L'Oréal is a French cosmetics company that was founded in 1909 by Eugène Schueller. Schueller, a chemist, developed a hair-color product called "Auréale" and founded the company with the goal of making it widely available to women.
In the 1920s, L'Oréal expanded its product line to include a variety of hair care products, and by the 1930s, the company had become a leader in the French cosmetics market. During World War II, L'Oréal's factories were seized by the German government and the company struggled to survive. However, after the war, L'Oréal quickly regained its position in the market.
In the 1950s and 1960s, L'Oréal began to expand internationally and opened subsidiaries in several countries. The company also acquired a number of smaller cosmetic companies, including Lancôme, Biotherm, and Garnier.

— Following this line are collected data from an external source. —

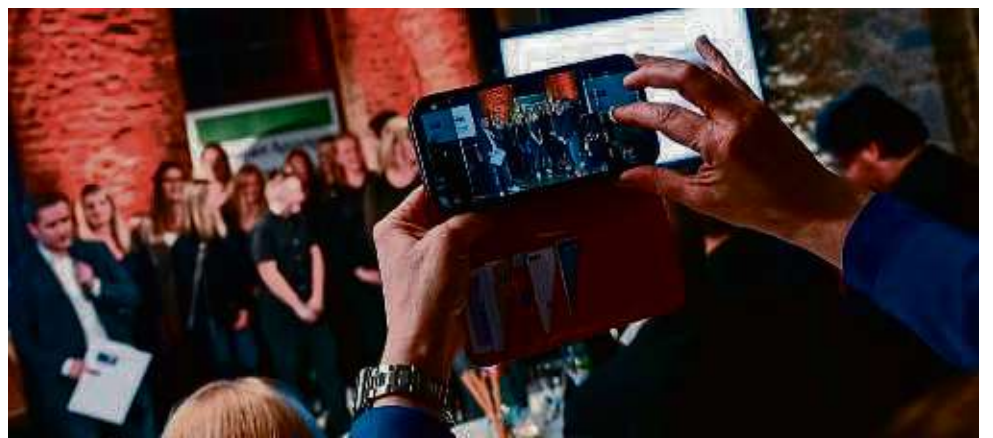
Erinnerungsfotos werden sicher auch diesmal wieder gemacht, wenn die Titel HANAUER Sportlerin, Sportler und Mannschaft des Jahres vergeben werden.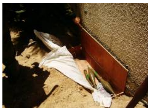
Lanceur de roquettes et missiles antichars découverts à l'occasion d'une opération de Tsahal au Nord de la bande de Gaza le 22 mai. Les armes étaient dissimulées sous une école à la périphérie de la ville de Saja'iya (Bureau du porte-parole de Tsahal, 22 mai 2008).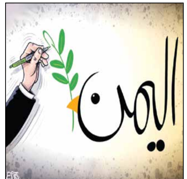
خطط السلام في اليمن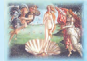
Ein Stück Griechenland ganz in Ihrer Nähe. Hier können Sie die Sorgen des Alltags vergessen.

Griechische Spezialitäten Restaurant Afrodite - seit 1989 - mit großem naturschönen Biergarten

In the 1970s and 1980s, L'Oréal continued to expand its product line and acquired a number of luxury brands, including Ralph Lauren fragrances, Cacharel, and Giorgio Armani. In the 1990s, L'Oréal acquired several American cosmetic companies, including Maybelline and Redken.
Today, L'Oréal is one of the world's leading cosmetics companies, with a presence in more than 130 countries. The company offers a wide range of products, including hair care, skin care, and makeup, and is known for its high-quality, innovative products. L'Oréal continues to expand its product line and acquire new companies to strengthen its position in the cosmetics industry.